Сначала он орал, пока хватало сил. Потом стал завывать по волчьи, находя в этих звуках странное облегчение и забывая, кто он и где находится. Звук, вой, который он издавал, становился для него самым важным в его существовании, это был знак его жизни, находящейся на грани смерти. Он вкладывал в этот вой всю свою жажду свободы, жажду мести, все свои воспоминания. Он сам становился звуком и рвался вверх из своей зловонной тюрьмы, с неосознанным удовлетворением отмечая, как собаки поднимают в ответ истошный лай.
Потом он мог только мычать, уже не тревожа собак, но зная, что он не захлебнется в этом чеченском дерьме, что умрет стоя.
Чеченец пришел еще раз. Прислушался к хрипам Ивана, спросил:
– Что пэть пэрэстал, а?
В ответ Иван смог только поднять голову, чтобы чеченец увидел его лицо.
На губах его была улыбка.
Страшная улыбка мертвого человека...
На третьи сутки он потерял сознание.
Но не утонул в зловонной яме. Мышцы его рук окаменели и не расслабились, когда отключилось сознание. Он давно уже потерял счет времени и не мог сказать, сколько он провисел без сознания на своих одеревеневших и тем спасших ему жизнь руках.
Так, с неопускающимися руками, его и вытащили из сортира, так рядом с тем же сортиром и бросили.
Он очнулся от страшной боли в руках. Руки оживали и будили вслед за собой все тело, голову, мозг. Первое, что понял Иван, очнувшись, – он продолжал выть. И это был победный вой узнавшего смерть зверя.
Зверя, узнавшего смерть, и полюбившего ее так же, как любят жизнь.
Иван понял, что он жив.
И еще он понял, что все чеченцы, живущие у этого макового поля, обречены на смерть. От его руки.
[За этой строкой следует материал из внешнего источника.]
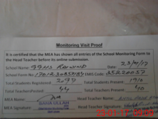 | Certified that this School was Inspected by the Undersigned MEA/DMO Today and the Information Stated Above is as Per Record. | |||||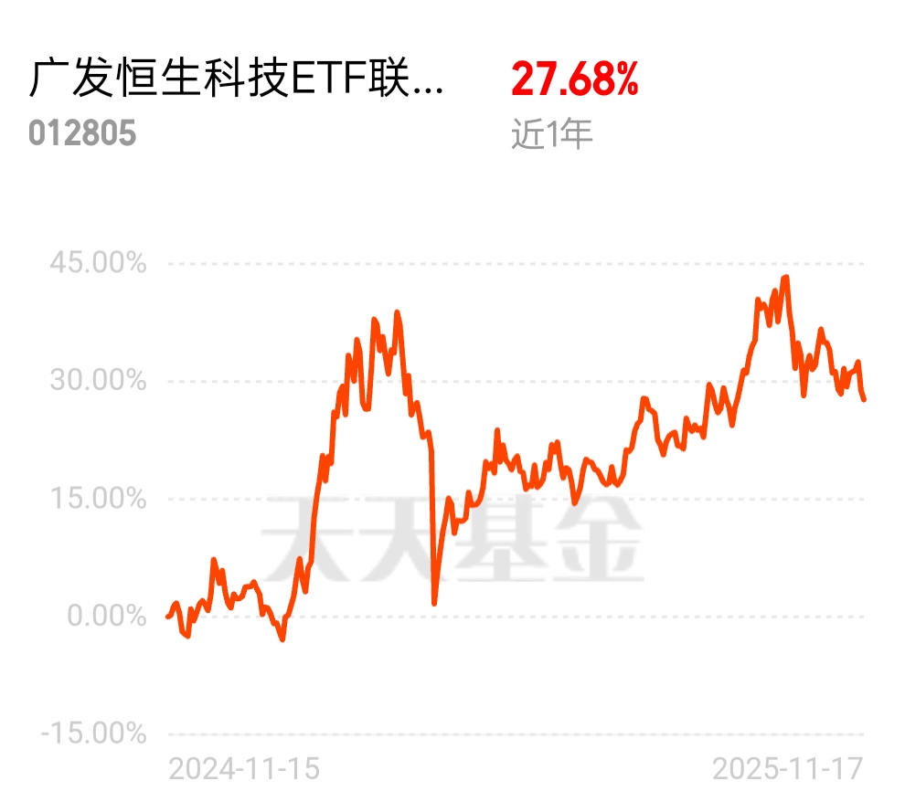 总感觉港股科技股今年的弹性很惊人,继续加仓$广发恒生科技ETF联接(QDII)C$ ,一年能涨27%感觉不错

...Иван вспоминал Чечню без страдания, без озлобления или боли, а с каким-то даже чувством ностальгического сожаления. Так вспоминают обычно школьные или студенческие годы. Убивать ему приходилось и прежде, ведь он был бойцом спецназа и приклад его автомата до той ночи, когда он угодил в плен, украсила не одна уже ножевая зарубка. Раз двадцать царапал он ножом свой автомат, но так и не понял смысла события, которое наступало всякий раз в каждом из этих двадцати случаев.
Но только тогда, валяясь у стены сортира, облепленный мухами и наполненный осознанием смысла бытия, он понял, что это его миссия – нести смерть всем, кто ее заслужил, всем, кто ее достоин. И он валялся под жарким чеченским солнцем, покрываясь коростой от засыхающего дерьма и предвкушая смерть людей,
Он очнулся окончательно от тычка палки, которой подошедший чеченец пытался его перевернуть, очевидно, чтобы удостовериться, что Иван сдох. Иван вздрогнул и понял, что может двигаться. Преодолевая слабость, он поднялся на руках и сел, подставив улыбающееся лицо под лучи солнца.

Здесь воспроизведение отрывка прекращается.